Assignment. Beneath this line are entries. Copy the range from the line with "東成区役所では、「東成区サス" to the line with "Formation des cordées", ends included, exactly; leave pictures out.

Given records.
#####

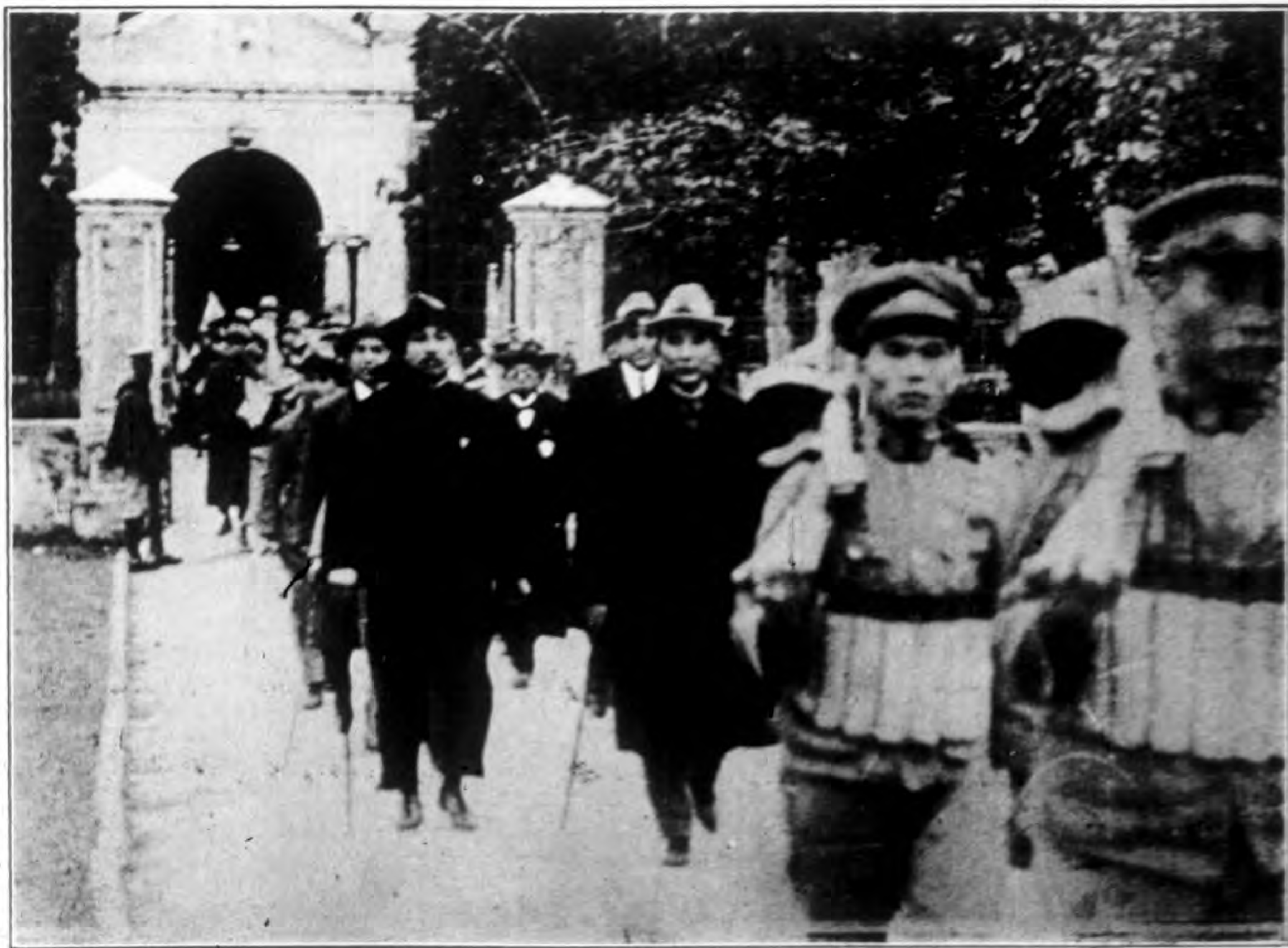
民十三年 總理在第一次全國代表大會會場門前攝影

#####

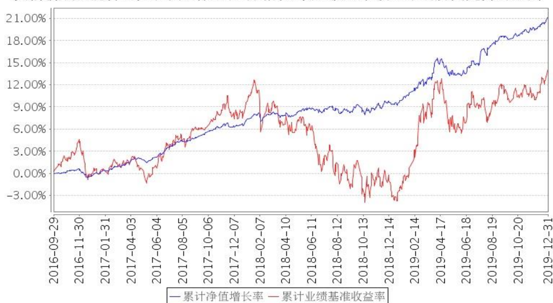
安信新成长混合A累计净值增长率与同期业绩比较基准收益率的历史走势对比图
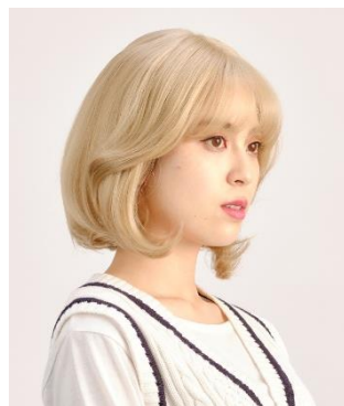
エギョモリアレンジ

#####

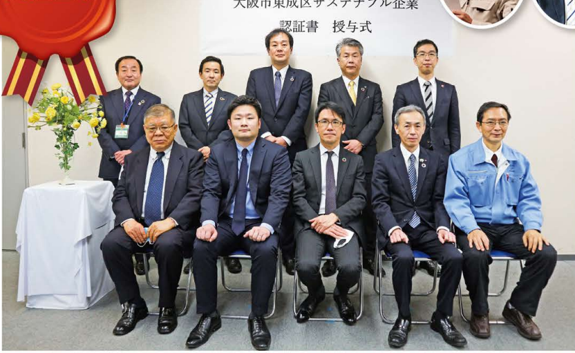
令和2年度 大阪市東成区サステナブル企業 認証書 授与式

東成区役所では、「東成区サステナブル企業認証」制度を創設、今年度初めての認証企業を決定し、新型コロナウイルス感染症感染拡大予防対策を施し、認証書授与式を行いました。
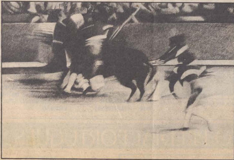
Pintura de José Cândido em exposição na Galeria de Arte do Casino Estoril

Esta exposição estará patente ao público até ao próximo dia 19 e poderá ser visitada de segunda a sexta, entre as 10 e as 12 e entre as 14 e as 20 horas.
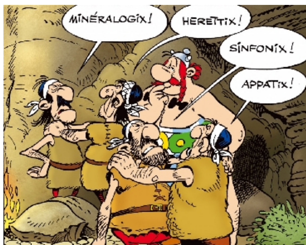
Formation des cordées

#####

Answer for the task.
東成区役所では、「東成区サステナブル企業認証」制度を創設、今年度初めての認証企業を決定し、新型コロナウイルス感染症感染拡大予防対策を施し、認証書授与式を行いました。
Pintura de José Cândido em exposição na Galeria de Arte do Casino Estoril

Esta exposição estará patente ao público até ao próximo dia 19 e poderá ser visitada de segunda a sexta, entre as 10 e as 12 e entre as 14 e as 20 horas.
Formation des cordées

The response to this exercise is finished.